▶ The data

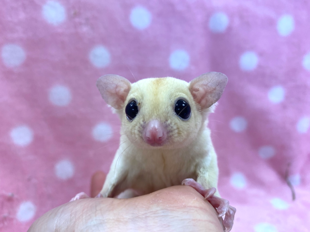 ♦︎フクロモモンガ ピュアホワイト ♂ 丸顔の白系フクモモ!ミルクもフードもゴクゴクモリモリ🍼
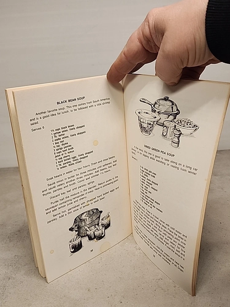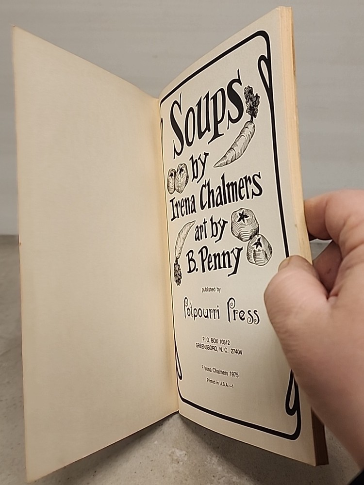 Soups by Irena Chalmers, Drawings / Bob Penny Cookbook Potpourri Press 1975 Bx10. Condition is Good. Shipped with USPS Media Mail. ------------------------------------------------- Welcome to our shop, founded in 2018 with a passion for uncovering exceptional treasures just for you. Our collection is sourced from diverse estates to unearth the finest and most unique items, ensuring each discovery is a gem waiting to be found. Our aim is to provide you with as much information as possible in our listings. Please understand that we are unable to provide further details beyond what is presented in photos and description. Purchasing Conditions By buying an item, you agree to adhere to the Rules and policies for buyers and acknowledge the following: · You are responsible for thoroughly reviewing all item photos and descriptions prior to placing a bid or making a purchase commitment. The item(s) shown in the photos will be the exact ones you receive; details in the specifics section may not always be updated. Exceptions may apply to items listed with multiple quantities, which could exhibit slight variations. · Measurements when available will be shown in item photos. · All items are sold in as-shown condition. Items may NOT be inspected for damage. Any noticeable damage will be depicted in the item photos and/or top of description. · While we endeavor to test as many electronics and items as possible, our listing process is constrained by time limitations. Additionally, we do not always have the expertise or tools needed to test all items to their full extent. We appreciate your understanding that not all items can be individually tested. · You enter a legally binding contract to purchase an item when you commit to buy an item or if you have the winning bid. · Our shop offers a NO-return or refund policy, should an item be returned, it must be returned in the same condition in which it was received, and it must include all original packaging, all components. Shipping Terms · Orders are typically shipped within 1-4 business days following purchase during regular business hours. · Please note that oversized items quoted for UPS or FedEx delivery cannot be shipped to P.O. Boxes. We quote oversized items a flat rate shipping. Oversized items only: if the shipping amount ends up being $15+ the quoted amount, the item will need to be canceled. We apologize for any inconvenient this causes. We try our best to quote accurately but sometimes that will happen. · USPS Priority Mail is available at checkout for faster delivery. Please note that Ground Advantage does not offer guaranteed delivery dates. · Items sold for under $5 may be shipped in a bubble envelope for efficient delivery. For specific categories: · Books priced at $10 or under, toys priced at or under $10, jewelry priced at/under $20, or Fabric/Clothing $20 or under will ship in bubble envelopes. · Combined shipping discounts are available for items priced at $5 or more. Please note that items priced under $5 may not sufficiently cover the costs associated with combining shipments, making refunds impractical in such cases. Any listing Titles labeled ‘Lot’ items do not qualify for combined shipping sold $10 or under. These items are already packaged. LOTS cannot be separated, they are all sold together. * We do not guarantee that combined shipping will be less expensive than purchasing items individually. It may not always result in savings* · For combined shipments, you may request a total in the cart section of eBay, or proceed to check out and a refund will be sent upon shipment if the shipping cost is lower than initially quoted. This only applies for 2 or more items purchased. · All shipping is quoted accurately; I cannot do any lower for shipping or offer free shipping. If you have a problem with shipping being so high, please make a difference by contacting shipping carriers. · If USPS delivers an item that is marked with damage issues, lost contents, or arrives with a broken item, you are responsible for contacting them to file a claim on this item · If an item(s) arrives damaged, a return request must be initiated to receive a refund. The item must be returned in the exact condition it was received. No exceptions will be made. Our shop cannot be held responsible for the shipper’s errors. This includes lost packages, typos in shipping addresses or any other issues of that nature by the shipper are out of control. If any losses occur, and compensation to you the customer must wait Ebay resolves the situation. NO EXCEPTIONS. Also, should any item received be damaged/broken, the buyer agrees to save all packing materials from shipment pending review by the shipping company. Payment Terms · Payments are due within 4-Days from conclusion of the auction or invoice received date. Failure to submit payment within this timeframe will result in automatic forfeiture of the item. Shop Terms · We kindly ask for your understanding that, as a business, we do not accept lower offers on our listed prices. · We ensure that our shipping costs are accurately quoted based on the most economical and reliable methods available. It's important to note that shipping itself can be expensive, and packing an item with the utmost care incurs costs as well. As such, we do not have alternative, cheaper shipping options to offer. We sincerely appreciate your understanding and adherence to our policies, which are designed to ensure a transparent and smooth shopping experience for all our valued customers. We look forward to the opportunity to provide you with your next favorite item soon. Thank you for your continued support!
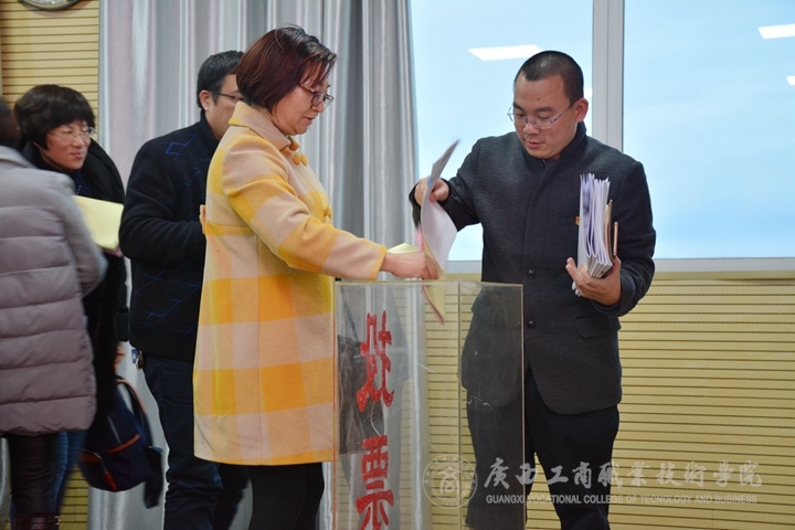 ? ? ? ? 工作述職結(jié)束后,工作人員發(fā)放民主測評表,與會相關(guān)人員不記名投票的方式進(jìn)行民主測評。據(jù)了解,本次民主測評主要是對各部門的工作進(jìn)行考核測評、對學(xué)院中層管理人員進(jìn)行考核測評、并對各部門競爭性推優(yōu)人選進(jìn)行考核推薦。

▶ Problem to solve
Would you give the material back exactly, minus the pictures?

▶ Solution for this task
 ♦︎フクロモモンガ ピュアホワイト ♂ 丸顔の白系フクモモ!ミルクもフードもゴクゴクモリモリ🍼
 Soups by Irena Chalmers, Drawings / Bob Penny Cookbook Potpourri Press 1975 Bx10. Condition is Good. Shipped with USPS Media Mail. ------------------------------------------------- Welcome to our shop, founded in 2018 with a passion for uncovering exceptional treasures just for you. Our collection is sourced from diverse estates to unearth the finest and most unique items, ensuring each discovery is a gem waiting to be found. Our aim is to provide you with as much information as possible in our listings. Please understand that we are unable to provide further details beyond what is presented in photos and description. Purchasing Conditions By buying an item, you agree to adhere to the Rules and policies for buyers and acknowledge the following: · You are responsible for thoroughly reviewing all item photos and descriptions prior to placing a bid or making a purchase commitment. The item(s) shown in the photos will be the exact ones you receive; details in the specifics section may not always be updated. Exceptions may apply to items listed with multiple quantities, which could exhibit slight variations. · Measurements when available will be shown in item photos. · All items are sold in as-shown condition. Items may NOT be inspected for damage. Any noticeable damage will be depicted in the item photos and/or top of description. · While we endeavor to test as many electronics and items as possible, our listing process is constrained by time limitations. Additionally, we do not always have the expertise or tools needed to test all items to their full extent. We appreciate your understanding that not all items can be individually tested. · You enter a legally binding contract to purchase an item when you commit to buy an item or if you have the winning bid. · Our shop offers a NO-return or refund policy, should an item be returned, it must be returned in the same condition in which it was received, and it must include all original packaging, all components. Shipping Terms · Orders are typically shipped within 1-4 business days following purchase during regular business hours. · Please note that oversized items quoted for UPS or FedEx delivery cannot be shipped to P.O. Boxes. We quote oversized items a flat rate shipping. Oversized items only: if the shipping amount ends up being $15+ the quoted amount, the item will need to be canceled. We apologize for any inconvenient this causes. We try our best to quote accurately but sometimes that will happen. · USPS Priority Mail is available at checkout for faster delivery. Please note that Ground Advantage does not offer guaranteed delivery dates. · Items sold for under $5 may be shipped in a bubble envelope for efficient delivery. For specific categories: · Books priced at $10 or under, toys priced at or under $10, jewelry priced at/under $20, or Fabric/Clothing $20 or under will ship in bubble envelopes. · Combined shipping discounts are available for items priced at $5 or more. Please note that items priced under $5 may not sufficiently cover the costs associated with combining shipments, making refunds impractical in such cases. Any listing Titles labeled ‘Lot’ items do not qualify for combined shipping sold $10 or under. These items are already packaged. LOTS cannot be separated, they are all sold together. * We do not guarantee that combined shipping will be less expensive than purchasing items individually. It may not always result in savings* · For combined shipments, you may request a total in the cart section of eBay, or proceed to check out and a refund will be sent upon shipment if the shipping cost is lower than initially quoted. This only applies for 2 or more items purchased. · All shipping is quoted accurately; I cannot do any lower for shipping or offer free shipping. If you have a problem with shipping being so high, please make a difference by contacting shipping carriers. · If USPS delivers an item that is marked with damage issues, lost contents, or arrives with a broken item, you are responsible for contacting them to file a claim on this item · If an item(s) arrives damaged, a return request must be initiated to receive a refund. The item must be returned in the exact condition it was received. No exceptions will be made. Our shop cannot be held responsible for the shipper’s errors. This includes lost packages, typos in shipping addresses or any other issues of that nature by the shipper are out of control. If any losses occur, and compensation to you the customer must wait Ebay resolves the situation. NO EXCEPTIONS. Also, should any item received be damaged/broken, the buyer agrees to save all packing materials from shipment pending review by the shipping company. Payment Terms · Payments are due within 4-Days from conclusion of the auction or invoice received date. Failure to submit payment within this timeframe will result in automatic forfeiture of the item. Shop Terms · We kindly ask for your understanding that, as a business, we do not accept lower offers on our listed prices. · We ensure that our shipping costs are accurately quoted based on the most economical and reliable methods available. It's important to note that shipping itself can be expensive, and packing an item with the utmost care incurs costs as well. As such, we do not have alternative, cheaper shipping options to offer. We sincerely appreciate your understanding and adherence to our policies, which are designed to ensure a transparent and smooth shopping experience for all our valued customers. We look forward to the opportunity to provide you with your next favorite item soon. Thank you for your continued support!
 ? ? ? ? 工作述職結(jié)束后,工作人員發(fā)放民主測評表,與會相關(guān)人員不記名投票的方式進(jìn)行民主測評。據(jù)了解,本次民主測評主要是對各部門的工作進(jìn)行考核測評、對學(xué)院中層管理人員進(jìn)行考核測評、并對各部門競爭性推優(yōu)人選進(jìn)行考核推薦。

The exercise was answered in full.